Maritozzi buns out of the ovenDinner party for One Fine Stay

For more Rome Eats, have a look here:

Bar del Fico

Comments

  1. Frances says:

    Beautiful photos, makes me want to visit Rome every year! And I love Bar il Fico, discovered while attending language school nearby. Are there still old men playing chess outside?
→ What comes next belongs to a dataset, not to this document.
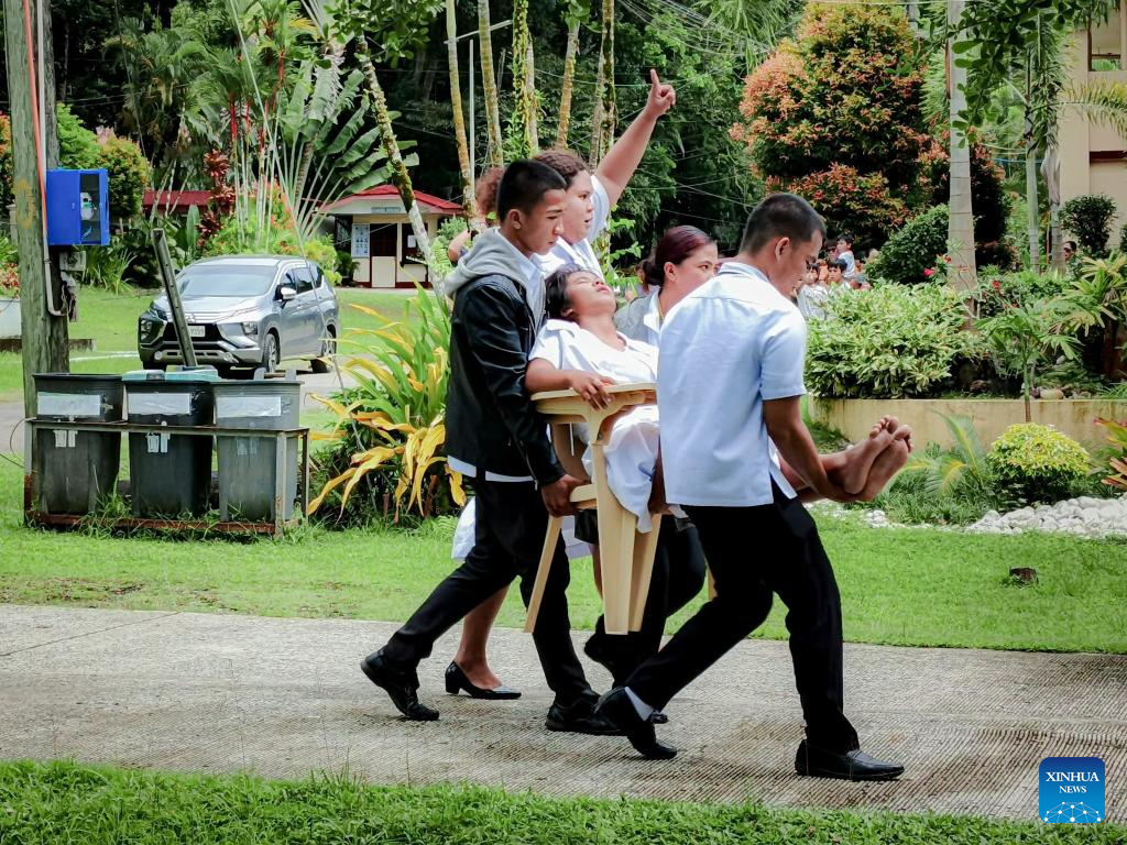 Students tend to a person needing medical attention after a 7.5-magnitude earthquake in Agusan Del Sur Province, the Philippines, Oct. 10, 2025.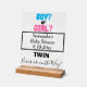 Zwei Babys sind auf dem Weg ist in schwarzer Typografie geschrieben (geben Sie für Triplet, Quadruplet ein). Junge oder Mädchen ist in hübscher blau-rosa Typografie geschrieben. Fügen Sie Mama-to-be Name und Baby Shower Date in schwarz kursiv in das geometrische schwarze Rechteck ein. Hintergrund löschen Elegante Tafelanzeige. Entwürfe von TamiraZDesign.

  2. Emiko!! Thanks so much for this post! Just in time as I’ll be in Rome in a few weeks! WOOT!!!

    • Emiko Davies says:

      Oh wow, enjoy Rome and keep cool and hydrated!! A cafe stop is always a good excuse to take a break and duck out of the sun for a bit. Bar del Fico was really a favourite — good for when you’re wandering the centro storico!

  3. Rosemarie says:

    Emiko, your post makes me want to go Rome even though it’s stinking hot and I no longer find the unrelenting summer heat in Italy romantic . Funnily enough, I’ve also been looking for those classic Duralex glasses with no luck so far. Thanks for transporting me to Rome and will look for Bar del Fico next time I make it there.

    • Emiko Davies says:

      Those glasses are fantastic. If it weren’t so hot and I wasn’t carrying around hand luggage all day I would have bought a whole heap of them. 2 will have to do for now, and I know I can always go back and find them in Campo dei Fiori!

  4. Stacy says:

    Emiko, I love your blog, though admittedly I haven’t had much time to read it lately! This was the perfect read this evening as I have been daily looking at Rome’s forecast to cheer me from the glum prospect of our own cool rainy days. I have been planning my own wee Roman Holiday and this has given me a few more good ideas to add to my itinerary!

    • Emiko Davies says:

      Thank you for coming back! I totally understand, I find myself struggling to find the time to write it myself! Leaning more towards plenty of photos and shorter writing — sometimes, it’s true, as they say, a picture is worth a thousand words! So glad this will help your trip planning.

  5. TonyM says:

    You had me at cheese…..

  6. Paweł says:

    I’ve been watching “Roman Holiday” last week 🙂 I never been in Rome but i suppose that city still look like in movie 😉 And guess which two books about Rome and food i will be reading soon? 😉

  7. Anthony says:

    Beautiful photos Emiko! Thank you so much

  8. Sukyi says:

    Hey Emiko! Did you try any of the baked goods at Forno dei Campo dei Fiori? I’m heading to Rome soon and I’m wondering if it’s worth a visit!